La porte automatique ne tarda pas à s'ouvrir sur une blonde affaiblie. Fermement accrochée au bras de son compagnon, Candice avançait, fixant le sol dans un regard vidé d'envie et d'énergie. D'accord, Antoine avait raison et il fallait manger… Mais les biscuits secs de l'hôpital pouvaient bien suffire, non? Eh bien visiblement, pas à ses yeux… Elle sentit soudainement son chéri s'éloigner d'elle, marquant leur débarquement à la place de parking occupée par un Kadjar noir.
«Mais… La voiture… réalisa Candice en posant sa main sur la portière.
- Oui, c'est ton cousin qui me l'a prêté ce matin, expliqua-t-il en ouvrant la portière face à une blonde restée immobile.
Elle fixait la vitre devant elle, les yeux envahis de larmes.
Qu'est-ce qu'il y a? T'aimes pas le modèle? sourit-il tendrement en s'arrêtant dans son mouvement.
- Non je… Je me demandais juste… Pourquoi… Pourquoi t'es pas parti finalement ? osa-t-elle en posant ses yeux sur lui douloureusement.
Il haussa les épaules avant de l'observer par-dessus l'habitacle.
- Faut croire que j'avais pas envie de te laisser ici dans cet état…

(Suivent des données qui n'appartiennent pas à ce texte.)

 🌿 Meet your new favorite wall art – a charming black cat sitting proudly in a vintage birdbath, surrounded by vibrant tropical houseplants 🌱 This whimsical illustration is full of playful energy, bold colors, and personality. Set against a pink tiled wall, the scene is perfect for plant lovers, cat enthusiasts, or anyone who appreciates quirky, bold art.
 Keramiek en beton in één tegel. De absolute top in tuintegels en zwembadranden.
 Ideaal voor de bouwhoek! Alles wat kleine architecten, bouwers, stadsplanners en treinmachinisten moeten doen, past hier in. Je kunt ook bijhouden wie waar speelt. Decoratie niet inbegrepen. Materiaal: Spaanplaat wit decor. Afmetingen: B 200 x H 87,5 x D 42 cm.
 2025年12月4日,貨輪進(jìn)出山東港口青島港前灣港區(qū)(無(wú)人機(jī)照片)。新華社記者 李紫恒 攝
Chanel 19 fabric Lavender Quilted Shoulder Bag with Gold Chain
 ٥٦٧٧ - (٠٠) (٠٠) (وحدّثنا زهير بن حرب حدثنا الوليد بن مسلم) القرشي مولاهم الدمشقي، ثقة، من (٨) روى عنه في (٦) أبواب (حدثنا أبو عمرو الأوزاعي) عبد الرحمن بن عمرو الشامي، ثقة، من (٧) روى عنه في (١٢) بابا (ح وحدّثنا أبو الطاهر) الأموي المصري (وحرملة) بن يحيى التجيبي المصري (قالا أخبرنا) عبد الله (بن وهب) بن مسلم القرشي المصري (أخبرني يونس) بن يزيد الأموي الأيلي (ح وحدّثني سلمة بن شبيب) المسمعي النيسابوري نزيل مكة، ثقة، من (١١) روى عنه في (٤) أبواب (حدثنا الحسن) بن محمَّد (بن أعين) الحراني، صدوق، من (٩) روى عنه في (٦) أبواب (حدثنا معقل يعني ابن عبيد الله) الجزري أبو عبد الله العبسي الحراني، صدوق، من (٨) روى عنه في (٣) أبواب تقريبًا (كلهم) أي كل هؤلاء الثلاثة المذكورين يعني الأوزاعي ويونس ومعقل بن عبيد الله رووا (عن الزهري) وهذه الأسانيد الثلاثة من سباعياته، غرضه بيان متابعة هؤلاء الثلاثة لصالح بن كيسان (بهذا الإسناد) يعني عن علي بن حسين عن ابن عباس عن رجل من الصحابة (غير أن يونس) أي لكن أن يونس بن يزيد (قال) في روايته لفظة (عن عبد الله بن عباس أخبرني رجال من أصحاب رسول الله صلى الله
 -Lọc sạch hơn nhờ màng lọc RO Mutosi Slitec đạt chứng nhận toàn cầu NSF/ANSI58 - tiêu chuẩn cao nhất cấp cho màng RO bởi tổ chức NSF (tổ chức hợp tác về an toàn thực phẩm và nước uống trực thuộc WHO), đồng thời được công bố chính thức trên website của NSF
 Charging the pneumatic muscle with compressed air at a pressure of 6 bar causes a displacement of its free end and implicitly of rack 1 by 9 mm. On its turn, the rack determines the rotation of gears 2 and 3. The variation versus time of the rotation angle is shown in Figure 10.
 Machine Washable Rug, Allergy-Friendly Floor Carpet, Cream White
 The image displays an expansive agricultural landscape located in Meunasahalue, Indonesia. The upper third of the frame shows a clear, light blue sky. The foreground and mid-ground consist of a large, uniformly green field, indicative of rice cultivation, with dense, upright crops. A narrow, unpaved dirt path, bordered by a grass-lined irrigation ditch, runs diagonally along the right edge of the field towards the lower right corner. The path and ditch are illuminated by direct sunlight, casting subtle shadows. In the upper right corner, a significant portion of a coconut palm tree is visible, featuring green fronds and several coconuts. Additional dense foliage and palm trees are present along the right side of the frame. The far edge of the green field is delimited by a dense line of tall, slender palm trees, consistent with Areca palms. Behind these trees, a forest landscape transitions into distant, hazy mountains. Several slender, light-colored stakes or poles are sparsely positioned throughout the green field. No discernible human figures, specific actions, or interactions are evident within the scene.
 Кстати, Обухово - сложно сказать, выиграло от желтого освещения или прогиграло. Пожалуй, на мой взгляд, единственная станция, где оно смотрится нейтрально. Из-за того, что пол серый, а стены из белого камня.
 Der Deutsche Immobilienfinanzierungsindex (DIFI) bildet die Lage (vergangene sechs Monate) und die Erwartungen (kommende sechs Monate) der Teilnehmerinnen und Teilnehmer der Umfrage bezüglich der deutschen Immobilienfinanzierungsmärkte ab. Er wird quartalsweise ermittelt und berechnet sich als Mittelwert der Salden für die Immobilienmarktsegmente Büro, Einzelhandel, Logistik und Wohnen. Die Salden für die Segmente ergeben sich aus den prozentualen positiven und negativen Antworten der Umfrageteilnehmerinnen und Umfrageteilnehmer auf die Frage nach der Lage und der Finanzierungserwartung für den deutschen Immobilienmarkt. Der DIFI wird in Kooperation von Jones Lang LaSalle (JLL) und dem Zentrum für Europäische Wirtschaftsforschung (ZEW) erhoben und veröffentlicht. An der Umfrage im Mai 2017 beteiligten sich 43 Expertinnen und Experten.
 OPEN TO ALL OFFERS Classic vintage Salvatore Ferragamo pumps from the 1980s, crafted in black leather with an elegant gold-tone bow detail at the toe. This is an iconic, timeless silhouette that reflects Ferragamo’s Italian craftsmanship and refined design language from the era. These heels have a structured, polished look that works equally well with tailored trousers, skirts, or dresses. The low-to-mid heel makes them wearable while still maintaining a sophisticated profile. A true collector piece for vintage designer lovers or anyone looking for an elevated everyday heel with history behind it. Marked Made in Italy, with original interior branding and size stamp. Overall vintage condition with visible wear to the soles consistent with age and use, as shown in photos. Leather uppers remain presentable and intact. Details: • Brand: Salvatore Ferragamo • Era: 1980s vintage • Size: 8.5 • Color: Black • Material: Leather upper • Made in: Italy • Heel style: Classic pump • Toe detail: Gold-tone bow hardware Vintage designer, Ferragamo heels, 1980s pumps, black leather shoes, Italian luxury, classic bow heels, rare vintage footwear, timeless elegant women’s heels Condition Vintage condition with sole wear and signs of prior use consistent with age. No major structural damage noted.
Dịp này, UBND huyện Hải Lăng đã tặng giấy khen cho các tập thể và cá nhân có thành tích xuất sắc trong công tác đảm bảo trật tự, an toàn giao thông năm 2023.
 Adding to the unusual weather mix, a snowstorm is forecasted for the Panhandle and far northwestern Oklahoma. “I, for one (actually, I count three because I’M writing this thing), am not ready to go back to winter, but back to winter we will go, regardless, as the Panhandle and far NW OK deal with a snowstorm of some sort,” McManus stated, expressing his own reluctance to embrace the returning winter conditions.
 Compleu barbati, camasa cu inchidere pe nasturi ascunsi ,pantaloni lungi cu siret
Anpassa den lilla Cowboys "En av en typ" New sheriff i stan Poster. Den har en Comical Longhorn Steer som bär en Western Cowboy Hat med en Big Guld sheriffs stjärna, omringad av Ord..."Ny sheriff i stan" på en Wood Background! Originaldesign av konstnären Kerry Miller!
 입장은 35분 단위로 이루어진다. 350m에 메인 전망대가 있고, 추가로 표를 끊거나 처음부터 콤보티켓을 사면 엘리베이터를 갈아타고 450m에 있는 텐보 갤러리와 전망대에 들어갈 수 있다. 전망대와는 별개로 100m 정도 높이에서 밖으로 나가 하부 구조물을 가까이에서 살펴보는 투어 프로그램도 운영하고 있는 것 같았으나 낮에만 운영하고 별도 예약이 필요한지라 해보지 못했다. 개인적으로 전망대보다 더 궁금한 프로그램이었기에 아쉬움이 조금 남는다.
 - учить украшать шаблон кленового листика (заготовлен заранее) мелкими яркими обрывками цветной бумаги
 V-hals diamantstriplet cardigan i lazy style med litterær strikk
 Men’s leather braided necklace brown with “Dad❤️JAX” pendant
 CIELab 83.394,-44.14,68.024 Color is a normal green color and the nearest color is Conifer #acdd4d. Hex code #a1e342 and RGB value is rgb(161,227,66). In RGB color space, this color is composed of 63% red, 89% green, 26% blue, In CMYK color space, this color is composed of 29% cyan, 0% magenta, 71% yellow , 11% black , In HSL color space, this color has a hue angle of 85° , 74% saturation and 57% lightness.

Elle acquiesça sans en demander davantage, acceptant silencieusement cette promesse de soutien qu'elle n'espérait presque plus.
- Je t'emmène où alors? Y a un endroit où tu voudrais aller en particulier?
- À cette heure-là, la plupart des restos seront fermés… avisa-t-elle en regardant sa montre.
- Hum, grommela-t-il perplexe. Fast-food?
Candice grimaça discrètement, peu enjouée.
- Sinon c'est pas grave…
- Si! Je t'emmène manger, tu discutes pas.
- Ok… bouda-t-elle en s'immisçant dans la voiture.»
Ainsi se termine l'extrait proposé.